● What you are asked to do:
Only the lines below between the one holding "Are you prepared" and the one holding "комиссии для арендатора.", inclusive, are to be reproduced word for word; the pictures are to be left out.

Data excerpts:

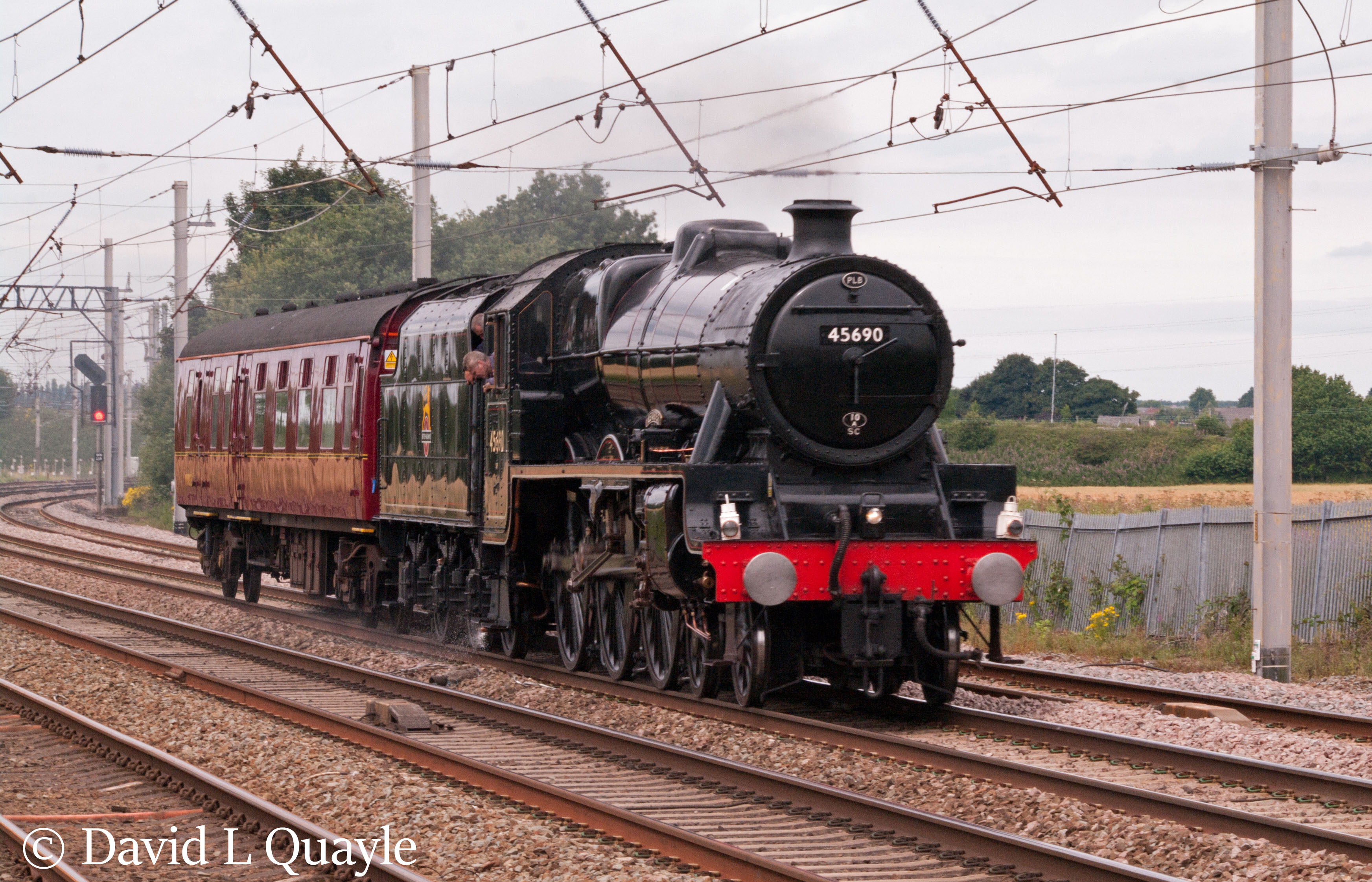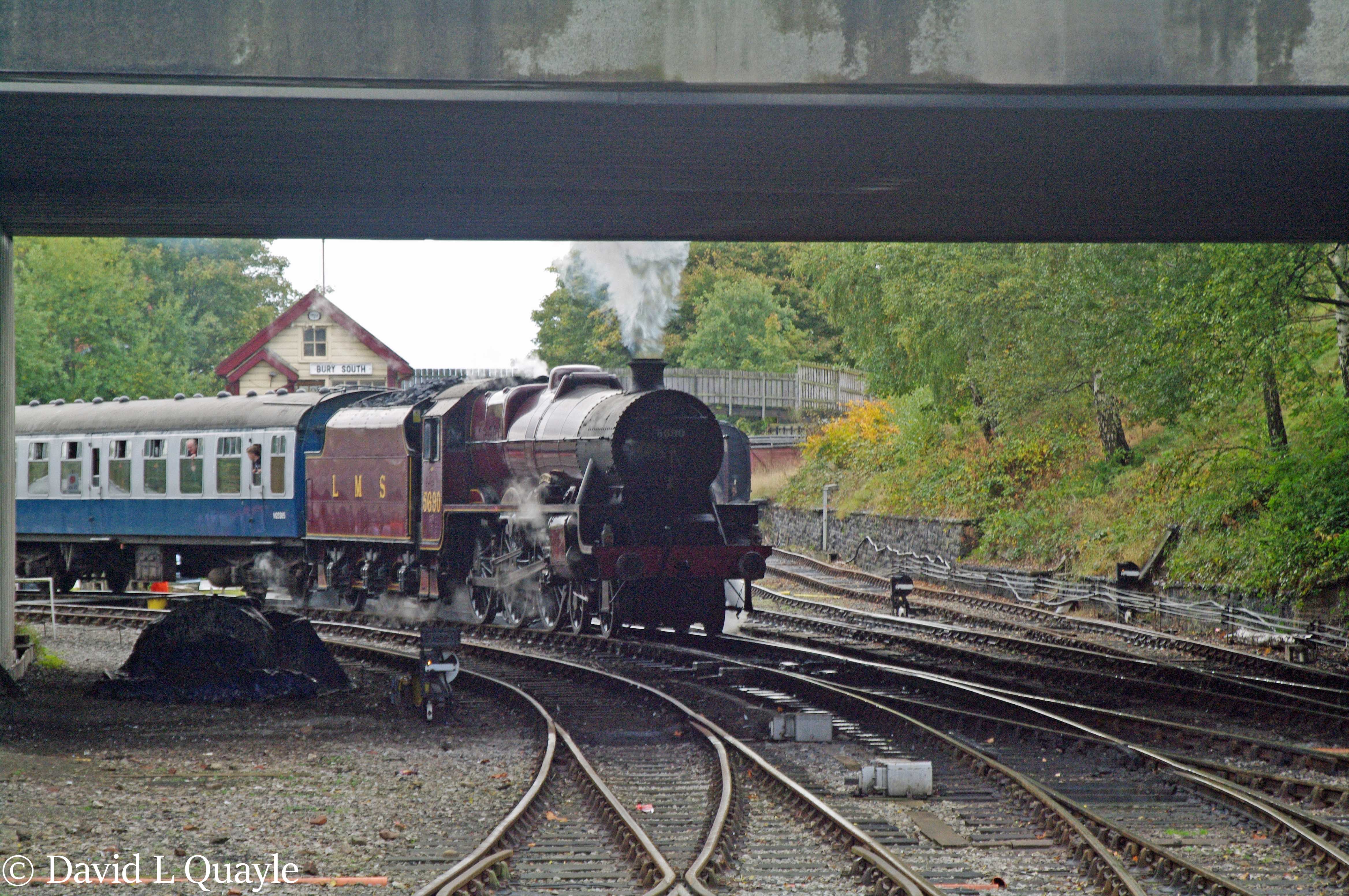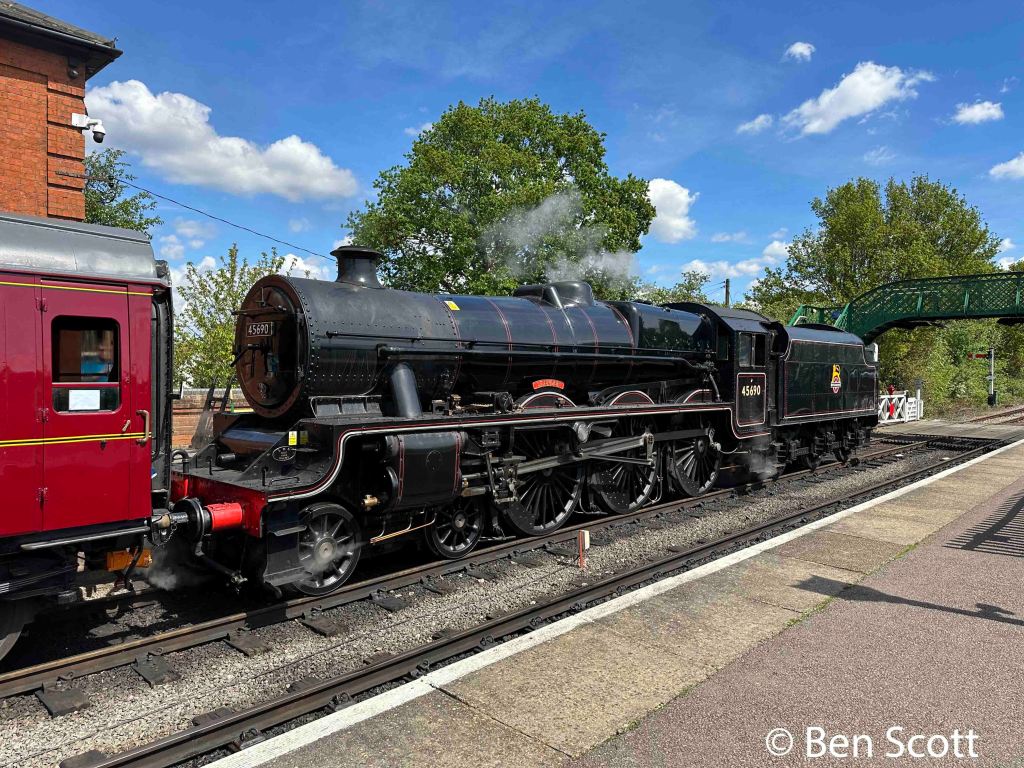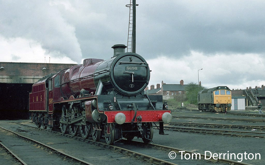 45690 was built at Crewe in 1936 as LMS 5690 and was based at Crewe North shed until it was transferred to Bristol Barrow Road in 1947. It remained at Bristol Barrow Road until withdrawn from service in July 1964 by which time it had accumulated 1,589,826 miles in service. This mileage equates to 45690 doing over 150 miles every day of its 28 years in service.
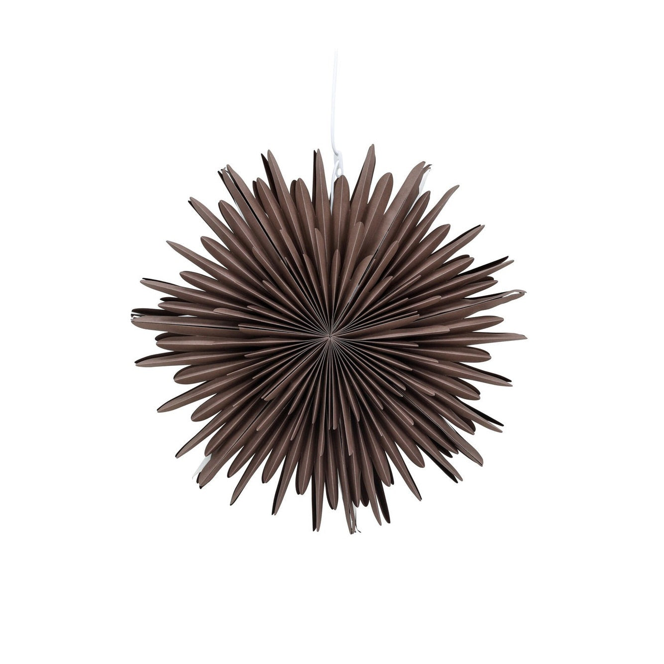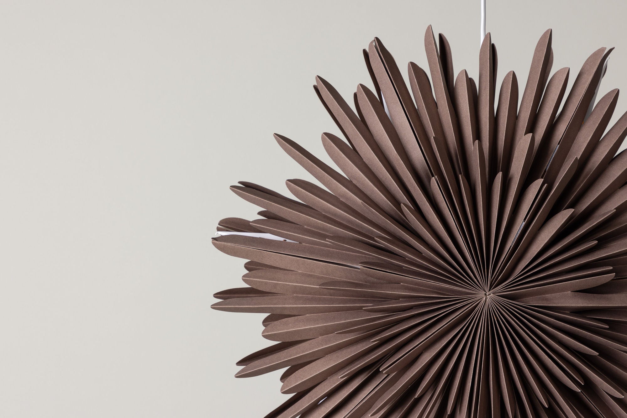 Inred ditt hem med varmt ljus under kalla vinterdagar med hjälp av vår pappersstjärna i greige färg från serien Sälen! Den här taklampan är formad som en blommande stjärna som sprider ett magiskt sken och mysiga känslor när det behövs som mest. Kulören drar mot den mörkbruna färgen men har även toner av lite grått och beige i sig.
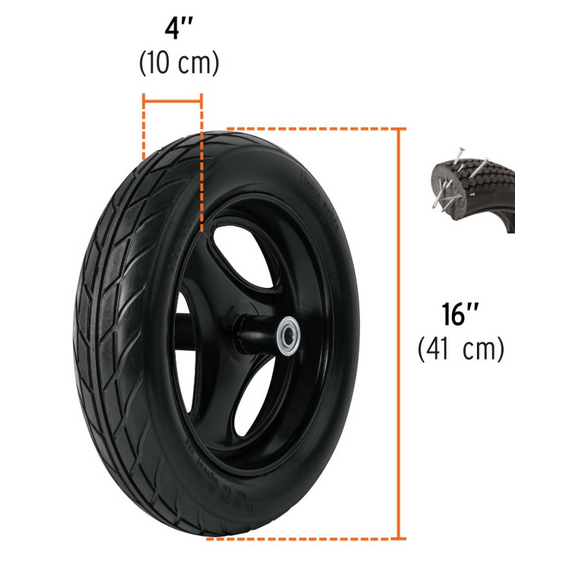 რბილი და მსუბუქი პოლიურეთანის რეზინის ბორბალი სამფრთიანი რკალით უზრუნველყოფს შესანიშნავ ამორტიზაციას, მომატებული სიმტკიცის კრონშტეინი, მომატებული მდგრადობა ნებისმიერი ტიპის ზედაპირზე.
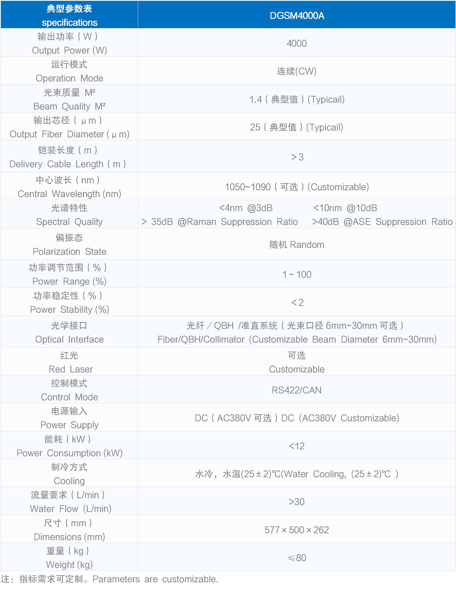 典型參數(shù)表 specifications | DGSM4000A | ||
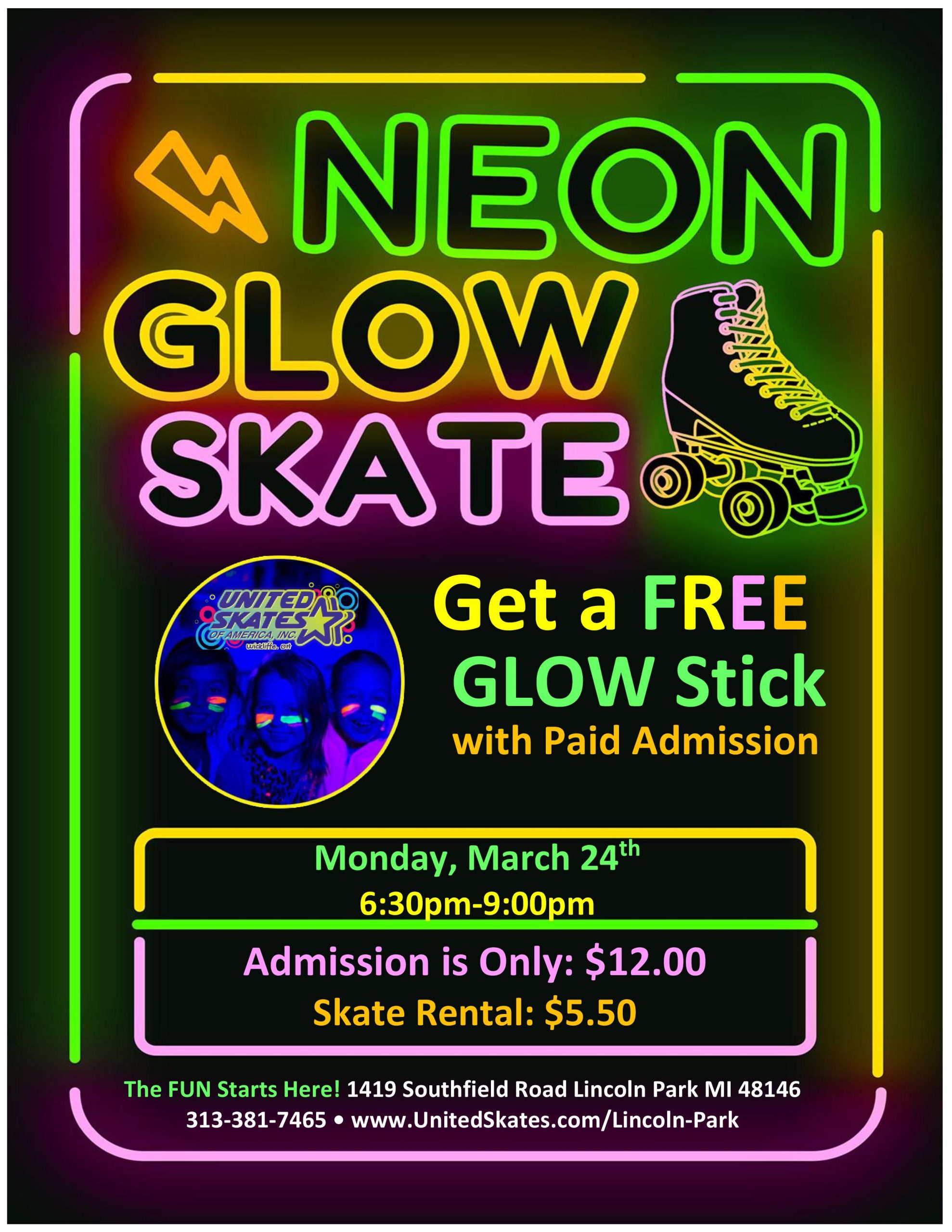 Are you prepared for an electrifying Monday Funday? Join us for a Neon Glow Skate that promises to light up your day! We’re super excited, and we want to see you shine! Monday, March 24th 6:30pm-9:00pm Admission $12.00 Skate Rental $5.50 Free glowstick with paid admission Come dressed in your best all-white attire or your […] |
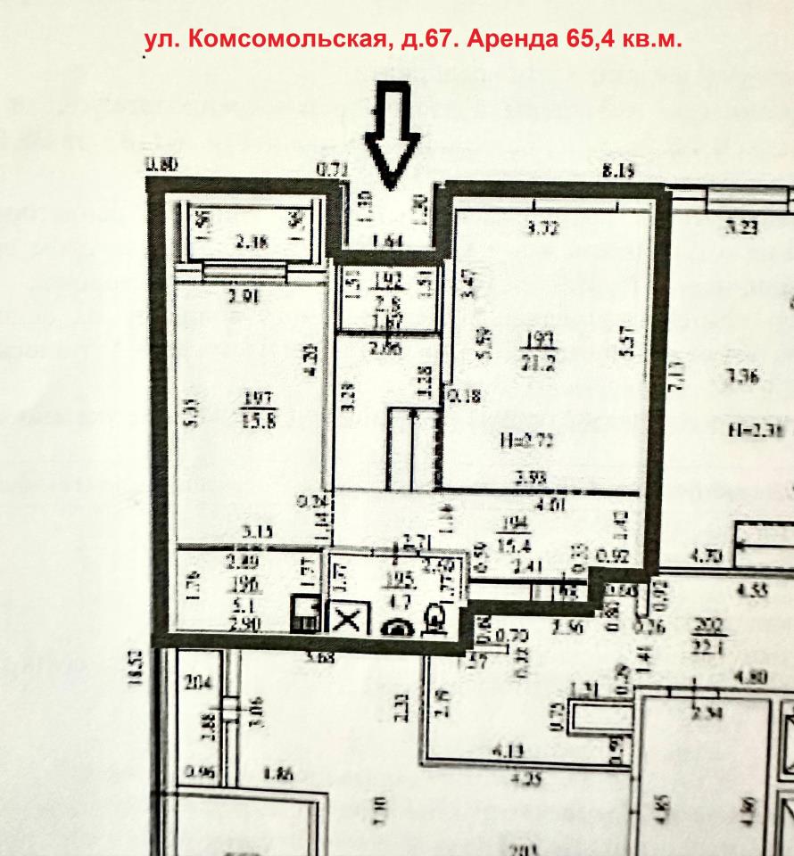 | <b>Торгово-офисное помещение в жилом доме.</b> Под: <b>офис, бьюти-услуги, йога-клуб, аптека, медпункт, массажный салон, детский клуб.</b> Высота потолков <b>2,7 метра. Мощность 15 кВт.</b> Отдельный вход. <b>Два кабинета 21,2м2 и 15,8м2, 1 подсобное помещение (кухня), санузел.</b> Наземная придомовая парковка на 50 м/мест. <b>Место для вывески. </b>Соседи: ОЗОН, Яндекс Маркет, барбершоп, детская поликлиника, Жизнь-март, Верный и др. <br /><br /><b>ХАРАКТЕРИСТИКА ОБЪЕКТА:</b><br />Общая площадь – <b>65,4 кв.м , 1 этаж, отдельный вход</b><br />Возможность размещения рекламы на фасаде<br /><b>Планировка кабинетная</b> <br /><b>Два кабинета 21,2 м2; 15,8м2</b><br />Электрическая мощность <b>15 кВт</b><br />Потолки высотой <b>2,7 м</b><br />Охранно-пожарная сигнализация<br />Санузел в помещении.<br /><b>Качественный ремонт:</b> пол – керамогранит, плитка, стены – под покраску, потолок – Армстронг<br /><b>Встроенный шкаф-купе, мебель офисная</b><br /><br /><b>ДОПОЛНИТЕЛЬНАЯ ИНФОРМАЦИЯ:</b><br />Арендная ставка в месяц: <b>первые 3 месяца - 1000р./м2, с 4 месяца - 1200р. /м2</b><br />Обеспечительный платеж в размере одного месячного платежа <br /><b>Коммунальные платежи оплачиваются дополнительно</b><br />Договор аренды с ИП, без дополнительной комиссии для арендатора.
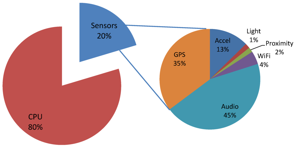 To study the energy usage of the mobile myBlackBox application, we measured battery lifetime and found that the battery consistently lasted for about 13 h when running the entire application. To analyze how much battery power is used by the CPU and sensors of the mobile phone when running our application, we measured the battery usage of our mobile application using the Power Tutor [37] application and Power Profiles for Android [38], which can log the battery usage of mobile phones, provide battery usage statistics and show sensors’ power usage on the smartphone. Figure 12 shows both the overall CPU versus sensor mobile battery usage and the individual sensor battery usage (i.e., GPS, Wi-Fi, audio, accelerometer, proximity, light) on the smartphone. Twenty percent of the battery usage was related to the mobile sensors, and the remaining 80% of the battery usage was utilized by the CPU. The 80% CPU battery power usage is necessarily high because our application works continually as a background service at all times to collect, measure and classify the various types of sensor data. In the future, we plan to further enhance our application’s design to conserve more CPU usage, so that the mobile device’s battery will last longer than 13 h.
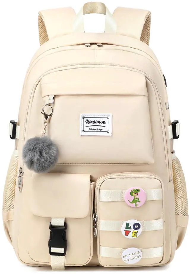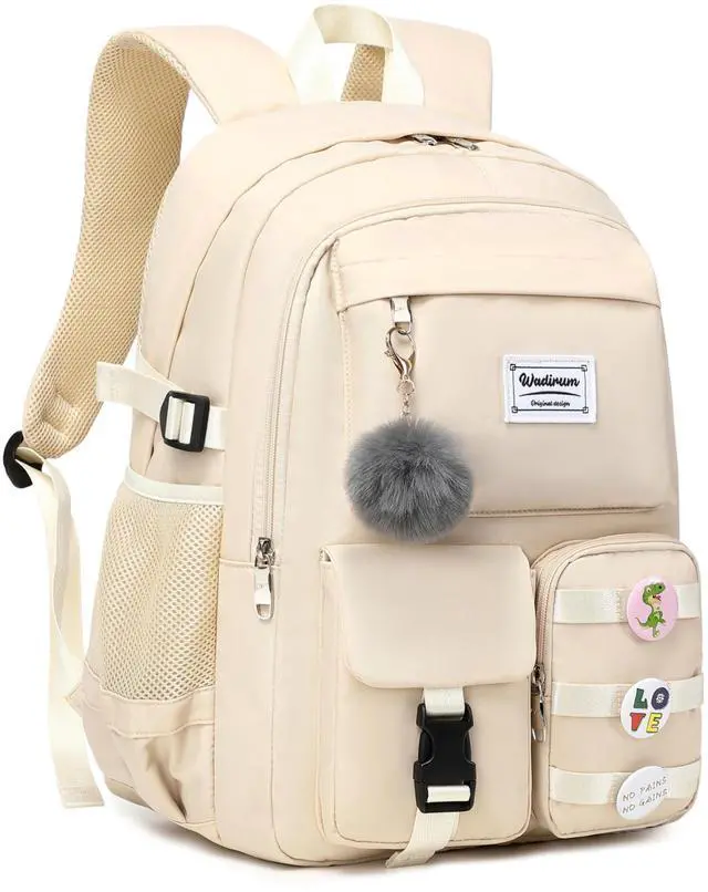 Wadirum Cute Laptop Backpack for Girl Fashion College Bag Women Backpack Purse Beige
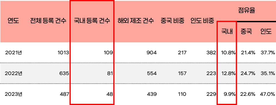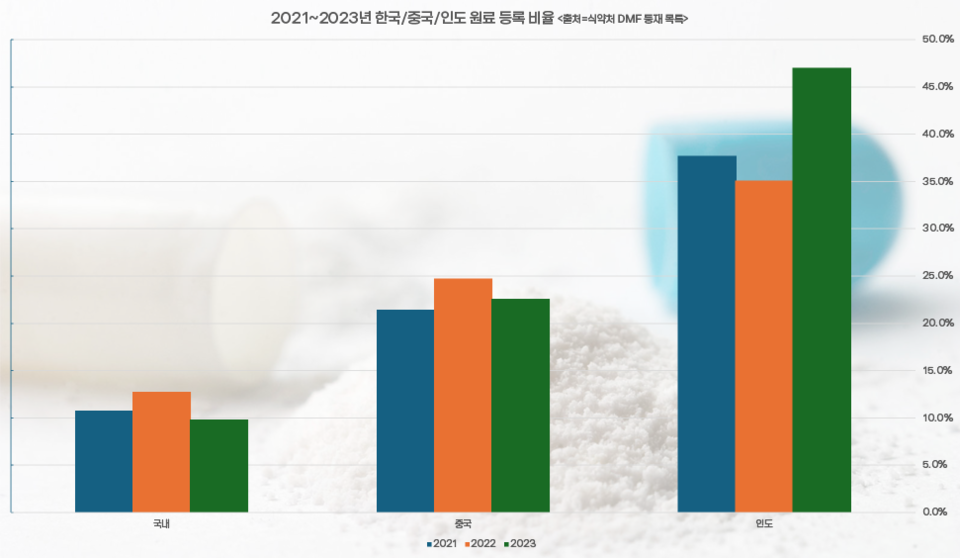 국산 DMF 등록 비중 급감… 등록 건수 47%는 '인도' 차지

● Output of the exercise:
 Are you prepared for an electrifying Monday Funday? Join us for a Neon Glow Skate that promises to light up your day! We’re super excited, and we want to see you shine! Monday, March 24th 6:30pm-9:00pm Admission $12.00 Skate Rental $5.50 Free glowstick with paid admission Come dressed in your best all-white attire or your […] |
 | <b>Торгово-офисное помещение в жилом доме.</b> Под: <b>офис, бьюти-услуги, йога-клуб, аптека, медпункт, массажный салон, детский клуб.</b> Высота потолков <b>2,7 метра. Мощность 15 кВт.</b> Отдельный вход. <b>Два кабинета 21,2м2 и 15,8м2, 1 подсобное помещение (кухня), санузел.</b> Наземная придомовая парковка на 50 м/мест. <b>Место для вывески. </b>Соседи: ОЗОН, Яндекс Маркет, барбершоп, детская поликлиника, Жизнь-март, Верный и др. <br /><br /><b>ХАРАКТЕРИСТИКА ОБЪЕКТА:</b><br />Общая площадь – <b>65,4 кв.м , 1 этаж, отдельный вход</b><br />Возможность размещения рекламы на фасаде<br /><b>Планировка кабинетная</b> <br /><b>Два кабинета 21,2 м2; 15,8м2</b><br />Электрическая мощность <b>15 кВт</b><br />Потолки высотой <b>2,7 м</b><br />Охранно-пожарная сигнализация<br />Санузел в помещении.<br /><b>Качественный ремонт:</b> пол – керамогранит, плитка, стены – под покраску, потолок – Армстронг<br /><b>Встроенный шкаф-купе, мебель офисная</b><br /><br /><b>ДОПОЛНИТЕЛЬНАЯ ИНФОРМАЦИЯ:</b><br />Арендная ставка в месяц: <b>первые 3 месяца - 1000р./м2, с 4 месяца - 1200р. /м2</b><br />Обеспечительный платеж в размере одного месячного платежа <br /><b>Коммунальные платежи оплачиваются дополнительно</b><br />Договор аренды с ИП, без дополнительной комиссии для арендатора.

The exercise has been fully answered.